- Genre: Medical drama
- Based on: Doc – Nelle tue mani by Francesco Arlanch; Viola Rispoli;
- Developed by: Sandra García Velten
- Directed by: Francisco Franco Alba; Andrés F. López; Harold Ariza Cortés;
- Starring: Juan Pablo Medina; Gabriela de la Garza; Stephanie Cayo;
- Composer: Camilo Sanabria
- Country of origin: Mexico
- Original language: Spanish
- No. of seasons: 1
- No. of episodes: 40

Production
- Executive producers: Carlos Quintanilla Sakar; Alejandro García;
- Producer: Leonardo Olarte
- Cinematography: Carlos Arango; Freddy Castro Uribe;
- Editor: Jhon Casas
- Production company: Sony Pictures Television

Original release
- Network: Netflix
- Release: March 9, 2026 – present

= Doc (Mexican TV series) =

Doc is an Mexican medical drama television series developed by Sandra García Velten. It is based on the Italian series Doc – Nelle tue mani, created by Francesco Arlanch and Viola Rispoli. The series stars Juan Pablo Medina, Gabriela de la Garza and Stephanie Cayo. The series premiered on Netflix on 4 March 2026, followed by a second part released on 27 March 2026.

== Plot ==
The series follows Andrés Ferrara, a head of internal medicine known for his authoritarian, distant, and demanding style toward his colleagues and patients. His professional and personal life takes a radical turn after surviving an assassination attempt that causes him to lose his memory of the last twelve years. Upon waking, Ferrara realizes his reality is no longer the same; his personal relationships have changed, the hospital environment has evolved, and he himself must question his former work ethic.

== Cast ==
=== Main ===
- Juan Pablo Medina as Dr. Andrés Ferrara "Doc"
- Gabriela de la Garza as Dr. Ximena Franco
- Stephanie Cayo as Dr. Julia Jasso
- Iván Sánchez as Dr. Marco Santamaría
- Macarena García Romero as Dr. Alba Granados
- Martín Saracho as Dr. Ricardo Quintana
- Nicolasa Ortíz Monasterio as Dr. Elisa Gaona
- José Ramón Barreto as Dr.

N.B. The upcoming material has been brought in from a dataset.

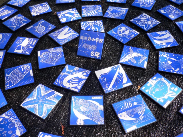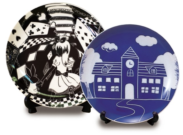白い陶器の皿・タイルに色釉薬が塗ってありますので

José Ramos
- Valentina Buzzurro as Carolina Ferrara
  - Fernanda Salgado as child Carolina
- Giuseppe Gamba as Dr. Lorenzo Torres
- Montserrat Marañón as Teresa Contreras
- Martín Altomaro as Dr. Enrique Rentería
- Natalia Plascencia as Dr. Constanza Ontiveros
- Rubén Zamora as Raúl Castillo
- Erick Chapa as Dr. David Valadares
- Claudette Maillé as Dr. Fabiola Martínez

=== Recurring ===
- Alejandra Ambrosi as Irene Andrade
- Constantino García as Matías Ferreira
- Daniel Toro as Darío Corona
- Rafer Valderrama as Renato

- Daniela Schmidt as Dr. Cecilia Alcocer
- Ximena Romo as Dr. Raquel Aguirre
- Juan Carlos Ortega as Abogado Rivas
- Adriana Montes de Oca as Clara
- Ximena Palacios as Susana
- Leónidas Urbina as Uriel

=== Guest stars ===
- Fernando Berzosa as Ernesto Quiñones
- Florencia Ríos as Alicia
- Patricio Tenoch as Óscar
- Arath Aquino as Jacobo
- Merena Dimont as Amalia
- Constanza Hernández as Inés
- Abril Manjares as Marisa
- Pablo Rodríguez as Esteban
- Germán Bracco as Fabio Lasso
- Gabriela Díaz as Marcela
- Ángela Duarte as Georgina
- Ana Bertha Espín as Socorro Aguilar
- Ana Karina Guevara as Leticia Olivares
- Daniela Romero as Sofía
- Carlos Gutiérrez as Pablo

== Production ==
Filming of the series took place from May to September 2025.

== Release ==
The series was divided into two parts, with the first twenty episodes having been released on 4 March 2026, and another twenty episodes being released on 27 March 2026.